Top of Exercise inputs
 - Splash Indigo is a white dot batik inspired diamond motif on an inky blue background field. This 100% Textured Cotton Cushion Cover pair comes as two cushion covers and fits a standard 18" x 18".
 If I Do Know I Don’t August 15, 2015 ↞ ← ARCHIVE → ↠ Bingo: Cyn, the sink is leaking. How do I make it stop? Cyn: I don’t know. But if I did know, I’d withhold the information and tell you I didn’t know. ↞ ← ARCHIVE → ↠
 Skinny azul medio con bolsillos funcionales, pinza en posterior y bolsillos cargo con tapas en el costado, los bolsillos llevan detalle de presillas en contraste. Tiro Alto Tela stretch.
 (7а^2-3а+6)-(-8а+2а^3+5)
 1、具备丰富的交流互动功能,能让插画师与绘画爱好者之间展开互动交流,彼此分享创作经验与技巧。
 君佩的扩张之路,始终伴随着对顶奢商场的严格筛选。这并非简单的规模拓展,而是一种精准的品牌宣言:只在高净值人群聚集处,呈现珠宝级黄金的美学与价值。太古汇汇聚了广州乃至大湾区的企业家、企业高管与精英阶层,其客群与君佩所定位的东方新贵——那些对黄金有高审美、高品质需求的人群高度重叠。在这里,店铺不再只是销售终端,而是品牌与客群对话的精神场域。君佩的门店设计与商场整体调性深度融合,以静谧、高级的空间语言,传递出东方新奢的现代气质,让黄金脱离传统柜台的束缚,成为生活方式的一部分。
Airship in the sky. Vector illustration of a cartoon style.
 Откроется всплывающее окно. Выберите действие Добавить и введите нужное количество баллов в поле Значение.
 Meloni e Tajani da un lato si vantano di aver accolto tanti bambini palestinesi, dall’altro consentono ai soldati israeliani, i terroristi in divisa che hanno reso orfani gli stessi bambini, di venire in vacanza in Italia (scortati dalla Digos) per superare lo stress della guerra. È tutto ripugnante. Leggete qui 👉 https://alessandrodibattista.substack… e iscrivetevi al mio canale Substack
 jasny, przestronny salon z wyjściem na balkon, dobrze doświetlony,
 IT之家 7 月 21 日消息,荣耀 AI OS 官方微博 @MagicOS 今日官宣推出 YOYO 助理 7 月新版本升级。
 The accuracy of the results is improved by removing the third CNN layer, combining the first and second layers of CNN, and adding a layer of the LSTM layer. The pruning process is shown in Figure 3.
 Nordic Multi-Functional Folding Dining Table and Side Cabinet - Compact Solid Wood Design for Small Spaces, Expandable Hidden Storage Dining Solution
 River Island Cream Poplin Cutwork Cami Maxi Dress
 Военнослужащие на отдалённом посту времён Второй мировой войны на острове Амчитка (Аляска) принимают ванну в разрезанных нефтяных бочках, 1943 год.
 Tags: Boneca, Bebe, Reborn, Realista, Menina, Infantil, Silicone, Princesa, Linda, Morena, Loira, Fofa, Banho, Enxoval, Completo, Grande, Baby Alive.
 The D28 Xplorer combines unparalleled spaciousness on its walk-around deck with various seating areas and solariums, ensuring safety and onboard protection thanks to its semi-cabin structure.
Bottom of Exercise inputs
What the task asks ▸
Going back to the entries above, set down exactly the lines that begin at the one with "jasny, przestronny salon" and end at the one with "The accuracy of", both included, and nothing else.

Completed task ▸
 jasny, przestronny salon z wyjściem na balkon, dobrze doświetlony,
 IT之家 7 月 21 日消息,荣耀 AI OS 官方微博 @MagicOS 今日官宣推出 YOYO 助理 7 月新版本升级。
 The accuracy of the results is improved by removing the third CNN layer, combining the first and second layers of CNN, and adding a layer of the LSTM layer. The pruning process is shown in Figure 3.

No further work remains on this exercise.